• [EXERCISE]: For each entry below, write an exact copy and leave out the images.
┌──
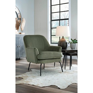 ASHLEY кресло DERICKA (коллекция AMERICAN LIFESTYLE).Стиль: американский Modern.Тип: акцентное кресло на открытых металлических ножках.Цвет: зелёный.Обивка: ткань бархатной фактуры 100% полиэстер,категория высшая,одобрена по высоким американским стандартам качества AHFA(износостойкость,долговечность).Размеры,мм:ш.724/г.864/в.832.
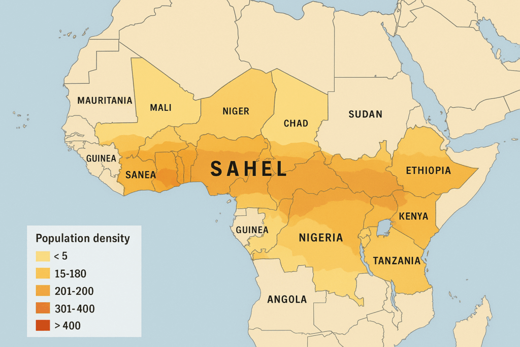 Estamos en una zona superpoblada y de una gran inseguridad alimentaria. Los Estados son frágiles y pobres, mientras el desierto integra las riberas Norte y Sur posibilitando todo tipo de tráficos. Consecuentemente, presenta una alta inestabilidad lo que determina que no sean infrecuentes los golpes de Estado y estos no pueden hacer efectivo ni el control de sus fronteras ni de importantes porciones de su territorio.
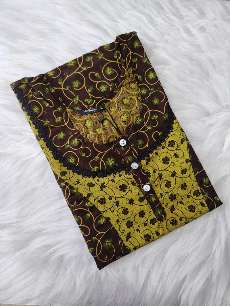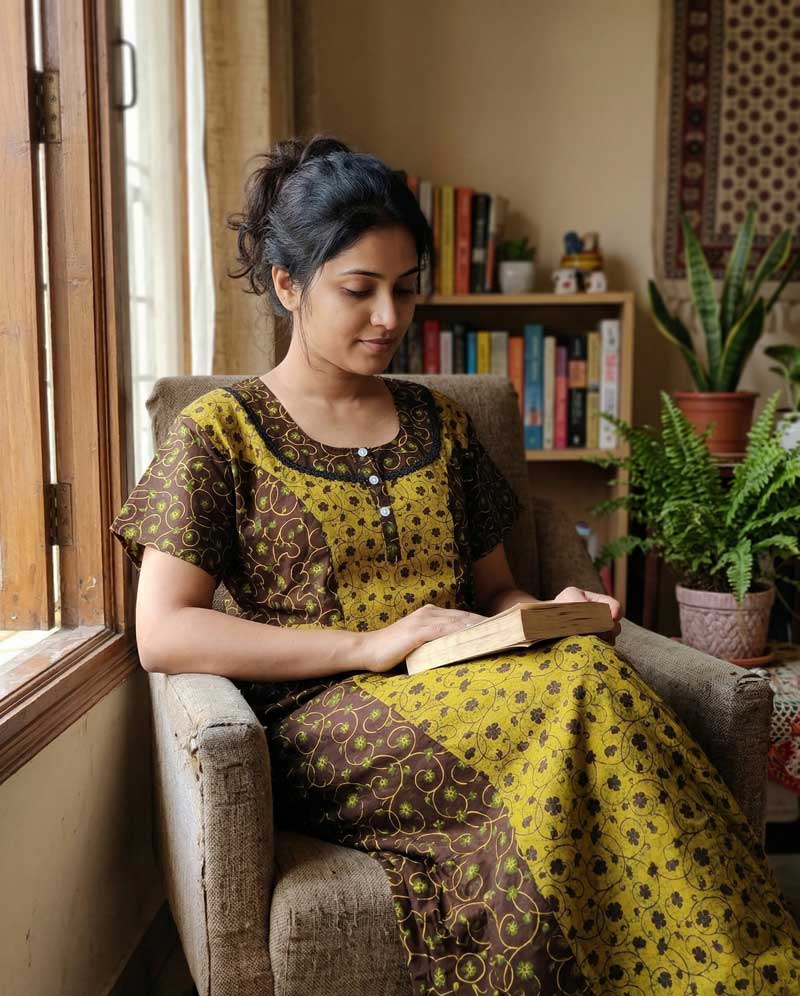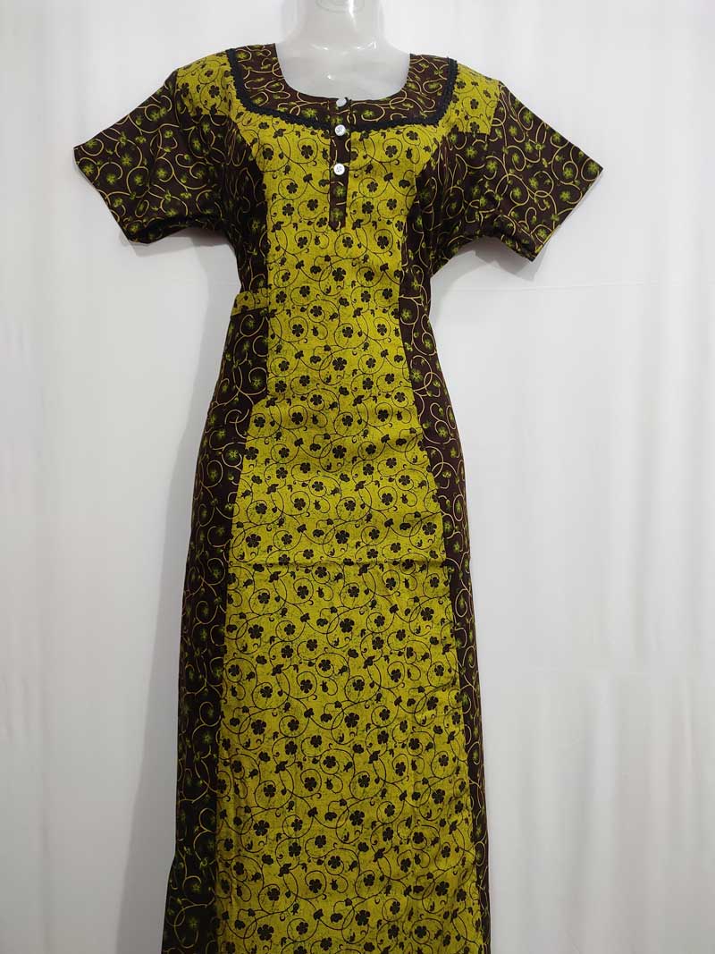 Comfortable Churidar Model Cotton Nighty, 55 Inches Long – Brown + Yellow
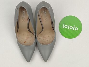 Czółenka damskie na słupku, rozmiar 36 - Kolor: jasnoszary - Materiał cholewki: lakierowana skóra/eko-skóra z połyskiem - Noski: migdałowe, z lakierowanym panelem na przodzie - Zapięcie: pasek z k...
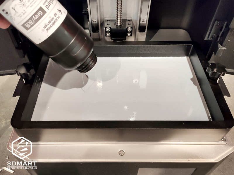 接下來(lái),搖晃光敏樹(shù)脂並倒入樹(shù)脂槽,樹(shù)脂量可依照樹(shù)脂槽內(nèi)的標(biāo)記線為主,最後將3D列印機(jī)的遮蔽光門關(guān)上。
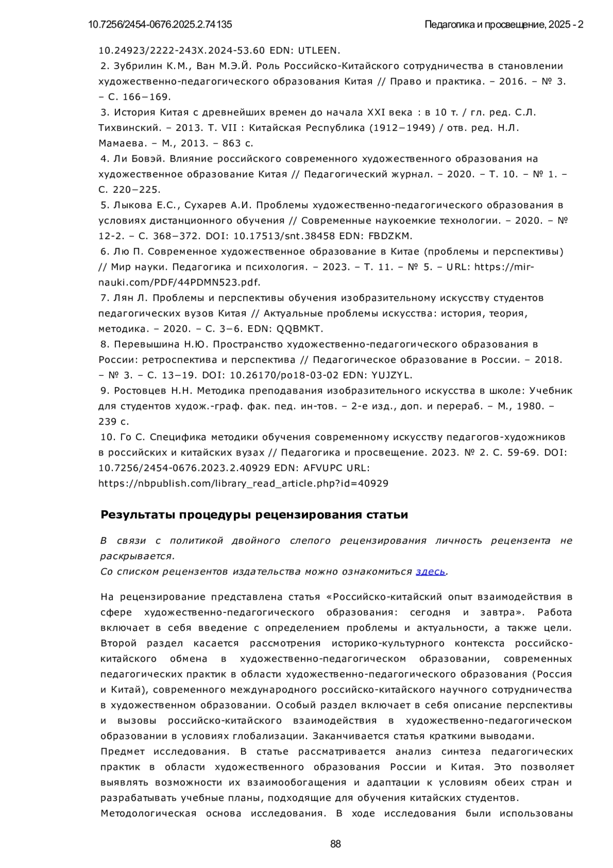 6. Лю П. Современное художественное образование в Китае (проблемы и перспективы) // Мир науки. Педагогика и психология. - 2023. - Т. 11. - № 5. - URL: https://mir-nauki.com/PDF/44PDMN523.pdf.
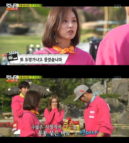 '런닝맨'에 출연한 배우 김지원이 MC 유재석에게 불꽃 따귀를 날렸다.
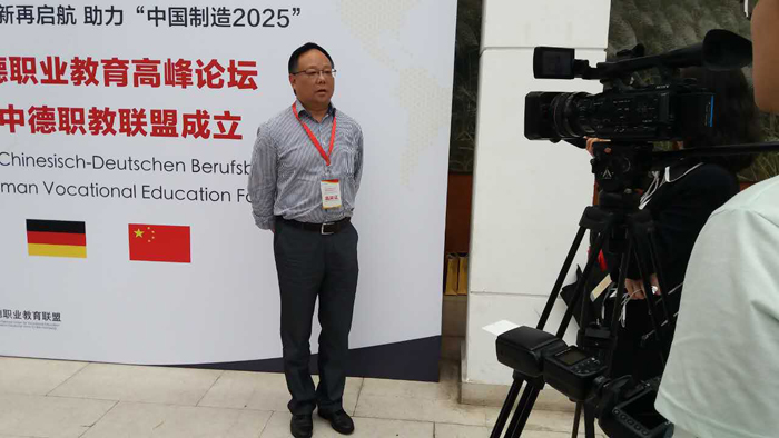在“中德职业教育联盟成立仪式”上,德赢官网与其他到会的各省市自治区的学校都注册成为该“联盟”的先期会员学校。在会议上,李翔副校长和解永刚院长与其他兄弟院校也进行了广泛的交流,相互了解,增进友谊和合作。会议期间,应媒体的邀请,解永刚院长还发表了参加本次会议的与会感言。
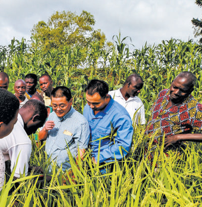 中國中化控股有限責任公司旗下荃銀高科的水稻專家在多哥示范田現場,為當地農民講解水稻抽穗揚花期的關鍵技術和田間管理要點。
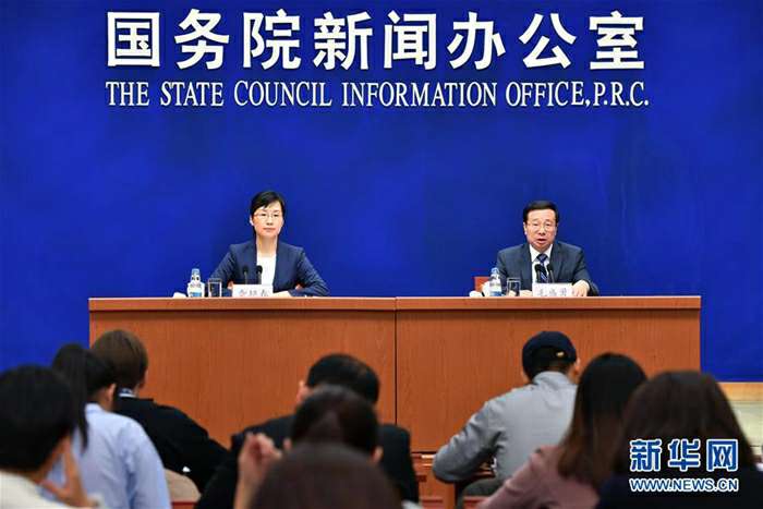 12月14日,国务院新闻办公室在北京举行新闻发布会,请国家统计局新闻发言人毛盛勇(右)介绍2017年11月份国民经济运行情况,并答记者问。新华社记者 李鑫 摄
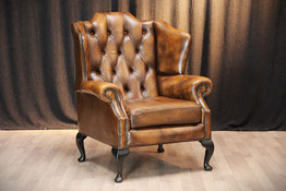 Angeboten wird ein Chesterfield Style Ohrensessel der mit Kalbsleder bezogen ist. Der Sessel kommt aus einem sauberem Nichtraucher Haushalt und befindet sich noch in einem sehr gutem, neuwertigem Zustand. Bei uns hat er noch eine gründliche Reinigung bekommen.
└──
• [OUTPUT OF THE TASK]:
 ASHLEY кресло DERICKA (коллекция AMERICAN LIFESTYLE).Стиль: американский Modern.Тип: акцентное кресло на открытых металлических ножках.Цвет: зелёный.Обивка: ткань бархатной фактуры 100% полиэстер,категория высшая,одобрена по высоким американским стандартам качества AHFA(износостойкость,долговечность).Размеры,мм:ш.724/г.864/в.832.
 Estamos en una zona superpoblada y de una gran inseguridad alimentaria. Los Estados son frágiles y pobres, mientras el desierto integra las riberas Norte y Sur posibilitando todo tipo de tráficos. Consecuentemente, presenta una alta inestabilidad lo que determina que no sean infrecuentes los golpes de Estado y estos no pueden hacer efectivo ni el control de sus fronteras ni de importantes porciones de su territorio.
 Comfortable Churidar Model Cotton Nighty, 55 Inches Long – Brown + Yellow
 Czółenka damskie na słupku, rozmiar 36 - Kolor: jasnoszary - Materiał cholewki: lakierowana skóra/eko-skóra z połyskiem - Noski: migdałowe, z lakierowanym panelem na przodzie - Zapięcie: pasek z k...
 接下來(lái),搖晃光敏樹(shù)脂並倒入樹(shù)脂槽,樹(shù)脂量可依照樹(shù)脂槽內(nèi)的標(biāo)記線為主,最後將3D列印機(jī)的遮蔽光門關(guān)上。
 6. Лю П. Современное художественное образование в Китае (проблемы и перспективы) // Мир науки. Педагогика и психология. - 2023. - Т. 11. - № 5. - URL: https://mir-nauki.com/PDF/44PDMN523.pdf.
 '런닝맨'에 출연한 배우 김지원이 MC 유재석에게 불꽃 따귀를 날렸다.
在“中德职业教育联盟成立仪式”上,德赢官网与其他到会的各省市自治区的学校都注册成为该“联盟”的先期会员学校。在会议上,李翔副校长和解永刚院长与其他兄弟院校也进行了广泛的交流,相互了解,增进友谊和合作。会议期间,应媒体的邀请,解永刚院长还发表了参加本次会议的与会感言。
 中國中化控股有限責任公司旗下荃銀高科的水稻專家在多哥示范田現場,為當地農民講解水稻抽穗揚花期的關鍵技術和田間管理要點。
 12月14日,国务院新闻办公室在北京举行新闻发布会,请国家统计局新闻发言人毛盛勇(右)介绍2017年11月份国民经济运行情况,并答记者问。新华社记者 李鑫 摄
 Angeboten wird ein Chesterfield Style Ohrensessel der mit Kalbsleder bezogen ist. Der Sessel kommt aus einem sauberem Nichtraucher Haushalt und befindet sich noch in einem sehr gutem, neuwertigem Zustand. Bei uns hat er noch eine gründliche Reinigung bekommen.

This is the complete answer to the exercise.